Bir Sibirya mağarasından alınan antik DNA, bilinen ilk baba-kız Neandertal çiftini ortaya çıkardı. C: Tom Björklund

49.000 yıldan daha uzun bir süre önce bir Neandertal ailesi, Sibirya’nın Altay Dağları’nda bizon, kızıl geyik ve yabani atların dolaştığı bir nehir vadisine bakan yüksek bir mağarada kamp kurmuştu. Kalıntılardan elde edilen yeni genomlar, bilinen Neandertal genomlarının sayısını neredeyse ikiye katlıyor ve neslinin tükenmeye doğru gittiği bir zamanda, menzillerinin doğu ucundaki Neandertal popülasyonuna bir bakış sunuyor.

Haber hakkında detaylı bilgi için tıklayın.

7- Ağzında İspinoz Kuşuyla Gömülmüş Kızın Gizemi İnceleniyor

Arkeologlar, yüzlerce yıl önce ağzında en az bir ispinoz kuşunun kafasıyla gömülü bulunan kızın gizemini çözmeye çalışıyor.

Ağzında bir ispinoz kuşuyla gömülen bu kızın mezarı bir mağarada bulundu. Bu keşif aslında 1960’larda yapıldı, fakat mezar günümüze kadar hiç detaylı incelenmemişti. C: Varşova Üniversitesi Arkeoloji Fakültesi Arşivleri

İskelet, arkeolog Waldemar Chmielewski tarafından güney Polonya’daki Tunel Wielki mağarasında 1967 ve 68 yıllarında gerçekleştirilen kazılarda bulunmasına rağmen şimdiye kadar detaylı incelenmemişti. Yeni yapılan radyokarbon tarihlendirmesi kızın yaklaşık 300 yıl önce öldüğünü ortaya çıkardı. Ancak Orta Çağ sonrasında ağzına bir kuş kafası yerleştirilip bir mağaraya gömülmüş bu çocuk olağandışı bir buluntu ve Avrupa’da aynı dӧnemden bir benzeri daha görülmedi.

Haber hakkında detaylı bilgi için tıklayın.

6- Zincirlenmiş İskelet, Roma Britanya’sındaki Köleliği Yansıtıyor

İngiltere’de MS 226 ve 427 yılları arasında köleleştirilmiş bir adam, ayak bileklerinde ağır demir pranga ve bir asma kilitle gömülmüş.

Roma İmparatorluğu’nda köleliğin fiziksel kanıtları nadiren keşfedilir. C: Londra Arkeoloji Müzesi

Rutland’da öldüğünde 20’li yaşlarının sonlarında veya 30’lu yaşlarının ortalarında olduğu düşünülen bu adam, Britanya’da Roma hakimiyetinden kalma bu biçiminde zincirlenmiş bilinen ilk kişi. Kölelik Roma İmparatorluğu boyunca yaygın olsa da, buluntu, Roma Britanya’sında tanımlanan kilitlenebilir ayak bileği prangaları takan bir adamın gömülmesine ilişkin ilk örnek ve bu, hayattayken kötü muamele görmüş ve istismar edilmiş olabileceğini düşündürüyor.

Haber hakkında detaylı bilgi için tıklayın.

5- 2.300 Yıllık Çömlek, Birçok Kişiyi Hedefleyen Bir Lanet İçeriyordu

Parçalara ayrılmış bir tavuğun kemiklerini içeren 2.300 yıllık bir çömlek, muhtemelen antik Atina’daki 55 kişiyi felç etmek ve öldürmek amacıyla kullanılan bir lanetin parçasıydı.

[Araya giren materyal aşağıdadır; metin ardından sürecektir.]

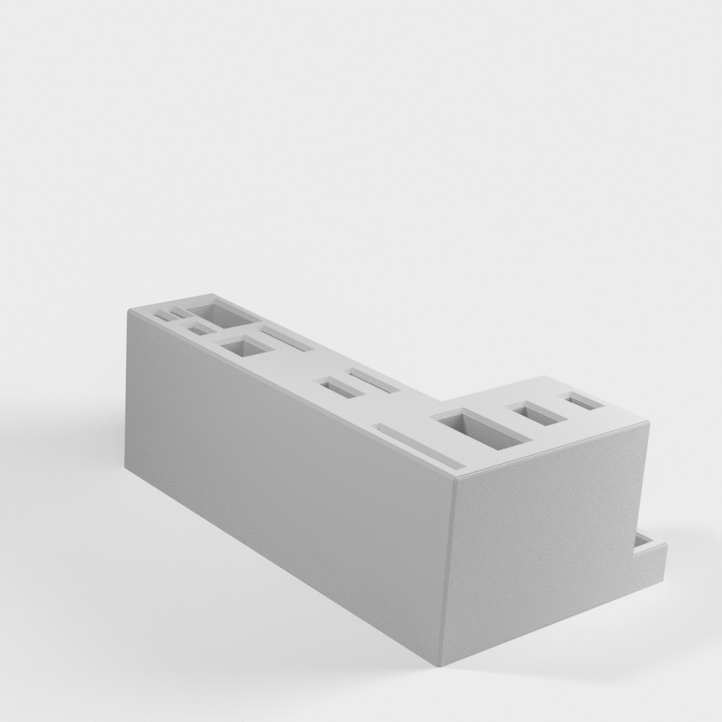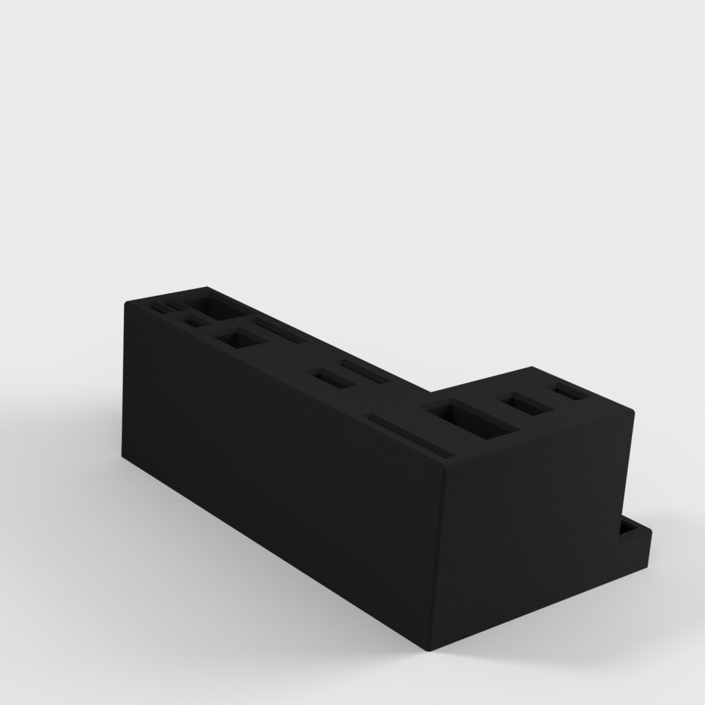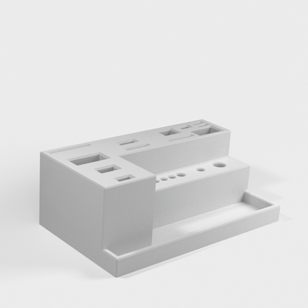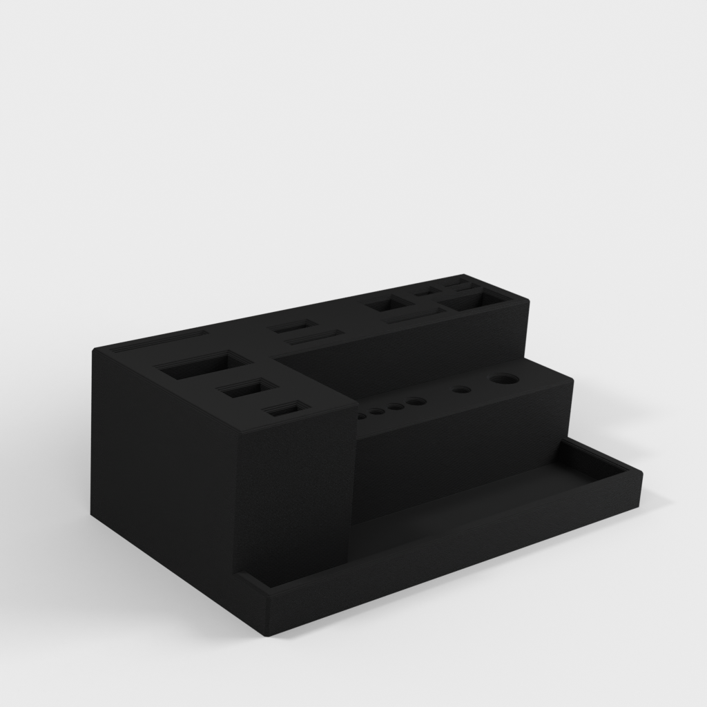 El soporte para herramientas está equipado con una práctica bandeja en la parte delantera que es ideal para almacenar piezas más pequeñas, como tornillos o boquillas, lo que garantiza que estos elementos de uso frecuente estén al alcance de la mano. El producto está diseñado para fabricarse con materiales resistentes como PLA o PETG, lo que proporciona una solución duradera para el uso diario en su entorno de impresión 3D.
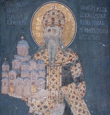 In de kerk zelf was één non druk bezig met het poetsen van het houtwerk van de banken. Ze keek niet op of om. Het is nog echt een actief klooster, en ze hebben geen concessies gedaan om het bezoekende toeristen duidelijker te maken waar je naar staat te kijken. Ik genoot er maar van als kunst: de muurschilderingen zijn prachtig, en bedekken zelfs de binnenkant van de hoogste koepel. Van de buitenkant lijkt de kerk niet zo groot, maar hij is wel heel hoog. Erg indrukwekkend. Binnen mag je dus geen foto’s maken, daarom hieronder maar een afbeelding van één van de muurschilderingen in Gracanica die ik rechtenvrij op het internet vond.

Lanet çömleğinin üzerinde 55’ten fazla isim yazılıydı. Günümüzde bunların hiçbiri okunabilir durumda değil. C: Athenian Agora excavations

Keşif, insanların şehirde “laneti” nasıl kullanmaya çalıştıklarına dair yeni kanıtlar ortaya çıkarıyor. Çömlek; Agora’nın ticari binası altında ve bir zamanlar antik zanaatkarlar tarafından kullanılan yerde, bir sikke ile birlikte bulundu. MÖ 300 civarında laneti oluşturan insanlar, aynı zamanda kabın bir ucundan diğer ucuna büyük demir bir çivi çakmış.

Haber hakkında detaylı bilgi için tıklayın.

4- Son Buzul Çağı, Doğu Asya’daki İnsanları Yok Etti

Son Buzul Çağı’nda Doğu Asya’da yaşanan nüfus değişimi, aynı zamanda ilginç bir şekilde Avrupa’da olanları yansıtıyor.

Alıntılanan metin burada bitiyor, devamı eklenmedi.